Атомизм – это прежде всего дуализм существующего вещества и несуществующего пустого пространства; внутри существующего, однако, это онтологический плюрализм, и его многочисленные атомы имеют точно такие же детерминации, как если бы они были разрозненными фрагментами элеатического Единого. Возможность реального процесса и реальной множественности, таким образом, сохраняется, но натуралистический базовый характер элеатского Единого и гераклитовского процесса односторонне отметается за счет духовности и рациональности и низводится до материализма. Этот материализм произвольно различает неодушевленные атомы тела и одушевленные атомы души, через обитание которых тела одушевляются лишь косвенно; по отношению к первым он является чистым, по отношению ко вторым – гилозоистическим материализмом. Тем не менее, предполагается, что атомы тела и души различаются не качественно, а лишь количественно (размер, форма и т. д.), причем атомы души должны быть меньше и проще по форме, чем сходные с ними атомы тела. Объяснение движением основано исключительно на передаче движения при столкновении соприкасающихся атомов, при котором они, очевидно, должны предполагаться упругими; однако упругость немыслима в случае бесчастичных, равномерно заполненных атомов материи. Именно здесь терпит неудачу вся кинетическая атомистика, полагающая, что она может обойтись без сил. Тот факт, что кинетическая атомистика древних была неспособна объяснить возникновение процесса из-за предположения о параллельных направлениях падения (несмотря на ложное предположение о различных скоростях падения в пустом пространстве), не мог остаться скрытым даже от глаз современников. Поэтому Аристотель выбрал лучшую часть этого атомизма, прибегнув к концепции качественного изменения элементов.

Когда Анаксагор (500—428) писал свой трактат о природе, он был знаком не только с учением Эмпедокла, но и с атомизмом Лейциппа и соглашался с обоими в том, что материальные субстраты вечны и качественно неизменны, то есть что все творение и все изменения основаны исключительно на смешении и разделении основных веществ. Вместе с Лейциппом против Эмпедокла он допускает бесконечное число (а не только четыре) различных материальных составляющих; вместе с Эмпедоклом против Лейциппа он ищет различие конечных первичных субстанций в их качественной природе (а не только в количественной) и придерживается их бесконечной делимости. Вместе с Анаксимандром и Эмпедоклом он предполагает хаотическое первобытное состояние, то есть такое, в котором все первоматерии тесно перемешаны, и ищет мировой процесс в постепенном разделении разнородного и объединении однородного, при этом, с одной стороны, как и у Эмпедокла, остается неразделенный остаток, а с другой – материальная однородность ни в одной вещи не является полной. Напротив, в каждой вещи, несмотря на преобладание одной или нескольких конкретных первичных субстанций, все же присутствуют следы всех бесконечно многих первичных субстанций. Следует признать, что эти сходные элементарные первичные субстанции Анаксагора (названные им χρήματα, σπέρματα или ίδέαι, т. е. вещи, семена или идеи, позднее – другими гомеомериями) ближе к современным химическим элементам, чем к четырем элементам Эмпдокла.

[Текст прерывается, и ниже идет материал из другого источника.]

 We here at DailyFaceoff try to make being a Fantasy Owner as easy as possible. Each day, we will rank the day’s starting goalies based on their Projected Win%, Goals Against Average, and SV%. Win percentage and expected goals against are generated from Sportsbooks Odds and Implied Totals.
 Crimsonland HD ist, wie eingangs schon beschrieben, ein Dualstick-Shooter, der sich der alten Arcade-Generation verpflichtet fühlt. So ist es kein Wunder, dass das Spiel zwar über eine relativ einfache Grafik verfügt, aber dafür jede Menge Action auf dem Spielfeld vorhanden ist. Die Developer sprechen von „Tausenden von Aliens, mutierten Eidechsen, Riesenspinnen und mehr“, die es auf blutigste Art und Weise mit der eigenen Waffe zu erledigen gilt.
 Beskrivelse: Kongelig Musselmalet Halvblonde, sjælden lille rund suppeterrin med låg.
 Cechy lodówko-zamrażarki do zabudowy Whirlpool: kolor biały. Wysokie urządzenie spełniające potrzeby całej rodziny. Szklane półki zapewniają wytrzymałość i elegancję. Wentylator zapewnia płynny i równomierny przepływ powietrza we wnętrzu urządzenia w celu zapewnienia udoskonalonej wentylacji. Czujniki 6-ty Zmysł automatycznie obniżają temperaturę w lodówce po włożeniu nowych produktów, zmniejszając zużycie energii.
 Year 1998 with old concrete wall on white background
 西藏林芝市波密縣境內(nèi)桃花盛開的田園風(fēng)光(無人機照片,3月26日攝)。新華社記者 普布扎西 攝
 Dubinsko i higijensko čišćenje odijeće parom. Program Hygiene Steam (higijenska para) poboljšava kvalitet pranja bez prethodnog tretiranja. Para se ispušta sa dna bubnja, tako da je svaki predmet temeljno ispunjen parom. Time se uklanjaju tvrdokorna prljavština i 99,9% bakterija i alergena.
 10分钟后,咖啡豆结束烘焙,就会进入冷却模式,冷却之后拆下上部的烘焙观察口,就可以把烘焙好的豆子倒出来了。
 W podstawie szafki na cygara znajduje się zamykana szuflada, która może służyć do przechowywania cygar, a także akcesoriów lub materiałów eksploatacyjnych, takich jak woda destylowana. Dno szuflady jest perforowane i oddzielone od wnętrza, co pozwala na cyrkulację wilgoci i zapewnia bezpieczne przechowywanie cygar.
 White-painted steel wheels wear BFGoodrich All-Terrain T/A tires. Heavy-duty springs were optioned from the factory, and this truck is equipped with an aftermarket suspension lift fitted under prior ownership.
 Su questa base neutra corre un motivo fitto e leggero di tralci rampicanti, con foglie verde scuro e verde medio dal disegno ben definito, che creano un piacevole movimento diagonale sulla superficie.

Во всех этих определениях Анаксагор остается чистым физиком, как и в более подробной реализации своей космогонии, который не пытается ничего иного, кроме физических объяснений в соответствии с механическими принципами, даже если он отклоняется от своих предшественников в некоторых пунктах своих физических гипотез. Но не в этом заключается его влияние на дальнейшее развитие философии, а в установлении метафизического принципа наряду с физическим, и оно не уменьшается от того, что он сам еще не знает, как правильно использовать этот принцип, а фактически ограничивает его применение первоначальным импульсом для начала физического процесса разделения. Такой второй принцип в дополнение к субстанции кажется ему необходимым для того, чтобы придать частицам материи движение, которое они не могут получить сами от себя. То, что он определяет движущую причину как разумный дух (νούς), оправдано тем, что движение, порождающее такое прекрасное и целеустремленное целое, как мир, должно быть представлено как упорядоченное.